As with so much else in the realm of collective delusion, we can point to Diana Spencer as the moving spirit behind the democratisation of death shrines. You may not have liked Bolan's music but there was no denying his talent. The so-called People's Princess had no talent at all save for hand-holding, neurosis and self-promotion, and so the blowing out of her candle in the slipstream of the zeitgeist released a floral tidal wave. The blooms started being deposited outside Kensington Palace on the day of her death and by the time of her funeral a week later the flowery rampart was five feet high and its lowest level was composting. Three people were arrested for stealing cutesy tokens from this berm of mulch and tat, and the rehabilitation of the monarchy from its torture of the sainted self-harmer was widely considered to have begun when the Queen herself came out from Buck House to "inspect" the suitably monumental Mall-side shrine.
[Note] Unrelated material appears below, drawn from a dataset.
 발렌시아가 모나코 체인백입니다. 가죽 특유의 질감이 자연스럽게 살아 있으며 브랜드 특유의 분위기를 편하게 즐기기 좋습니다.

So, after 1997, the practice became increasingly ubiquitous as the group mind judged that all and sundry were worthy of public remembrance. Now not just car-crash victims were so honoured, but in my neck of the dark urban woods, murder victims, too. There have been six murders in the immediate vicinity of my house in the past half-decade, and the shrines for each of the killed have become increasingly elaborate. The 21st teenage victim of 2008's epidemic of knife crime was stabbed immediately outside my front door, then staggered up the road to where he died on the corner.

His shrine featured his name spelt out in tea lights, copious amounts of rap poetry on laminated cards, T-shirts, and even plastic water guns (he had been at a mass water fight in - of all places - Kensington Gardens on the day of his death). To begin with, the shrine was a scene of regular impromptu remembrance services: a nightly vigil, then a weekly one. Unlike at some shrines on busier roads there was never any danger that drivers slowing down to look at this one would, in turn, cause further accidents, but nevertheless I was amazed that this elaborate structure stayed in place as long as it did. Indeed, I think its removal was only effected after six months because a second teenager had been murdered nearby and his death site had become an alternative cynosure of grief.
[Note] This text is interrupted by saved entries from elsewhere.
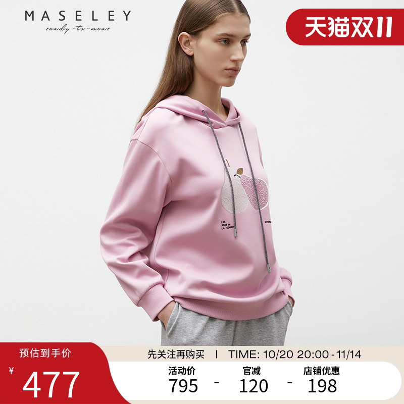 Maseley/玛塞莉甜美减龄上衣秋季新款少女心时尚连帽卫衣女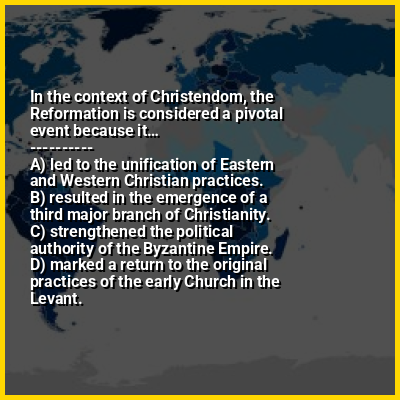 ⭐ In the context of Christendom, the Reformation is considered a pivotal event because it…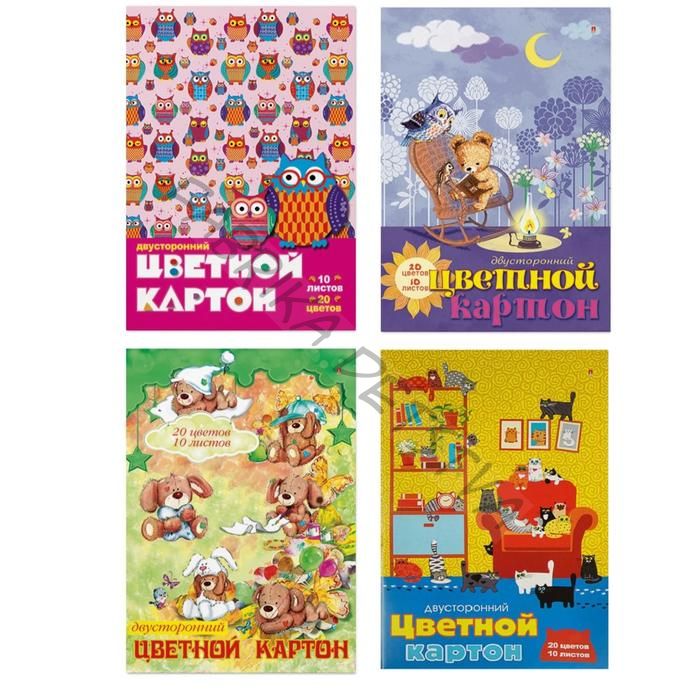 Картон цветной двухсторонний А4, 10 листов, 20 цветов "Мультики", 200г/м2, мелованный, 4 вида МИКС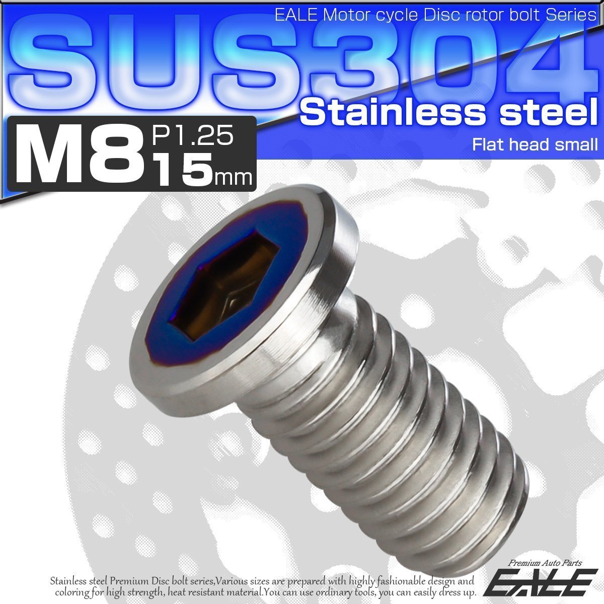- ヤマハ用 ブレーキ ディスク ローター ボルト M8×15mm P=1.25 SUS304 ステンレス フラットヘッドミニ シルバー/ブルー TD0325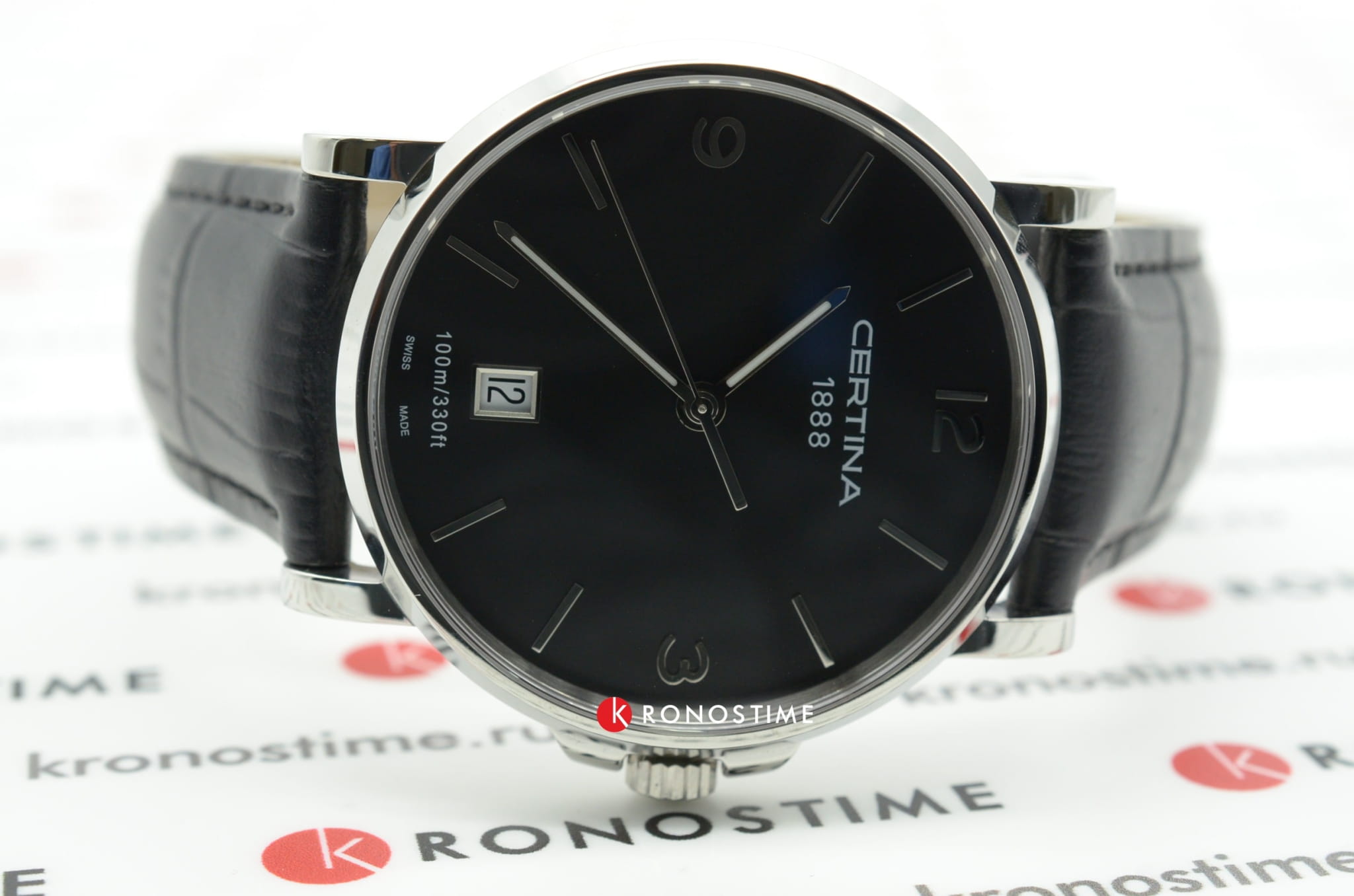 Брендовый аксессуар в чёрной цветовой гамме отличается безупречным качеством ввиду применения надёжных современных материалов: стекло из сапфира, устойчивое к появлению царапин, натуральная кожа для изготовления ремешка, прочный корпус из хирургической стали 316L. Швейцарский кварцевый калибр ETA F06.111 обеспечивает абсолютную точность показаний. Сохранение водонепроницаемости до 10 бар. Система DS ConceptDS ConceptDouble Security Concept, обозначает двойную надёжность и безупречную точность часов Certina. Двойная система защиты подразумевает обеспечение максимальной устойчивости к ударам и высоких показателей водонепроницаемости.. Отображение текущего числа, функция EOLEOLПредставляет собой систему, уведомляющую владельца часов о необходимости замены элемента питания. За 2 недели до полного разряда батарейки секундная стрелка перестаёт ходить чётко и начинает перепрыгивать на 3-4 деления.. Диаметр корпуса: 38 мм.

In London, besides the Interflora-boosting expiration of the Princess of Wales, two other catalysts for the wayside death-shrine suggest themselves. First, there is the increasingly multi-faith population. Although shrines, as idolatry, are anathema to Muslims, there has been a rise in the past 25 years in numbers of Hindu, Buddhist and Catholic Londoners - all of whom have domestic and wayside shrines as integral to their religious practice. Then again, as Steve Roud notes in his excellent London Lore, there is the tradition of "grotto-building" by London children, whereby beehive structures of shells and clinker were erected on the pavements and topped off by flowers. A sign would ask passers-by to contribute a few pence to "remember the grotto".

Holy land

Grotto-building died out in London by the 1950s, but I think it not unlikely that the buried memory of it has surfaced in the contemporary car-crash shrine. However, this doesn't explain the countrywide phenomenon: we can only attribute it to a resurgence of the "old religion" - and not simply pre-Reformation Christianity, but the Druidic beliefs in sacred sites that it happily accommodated.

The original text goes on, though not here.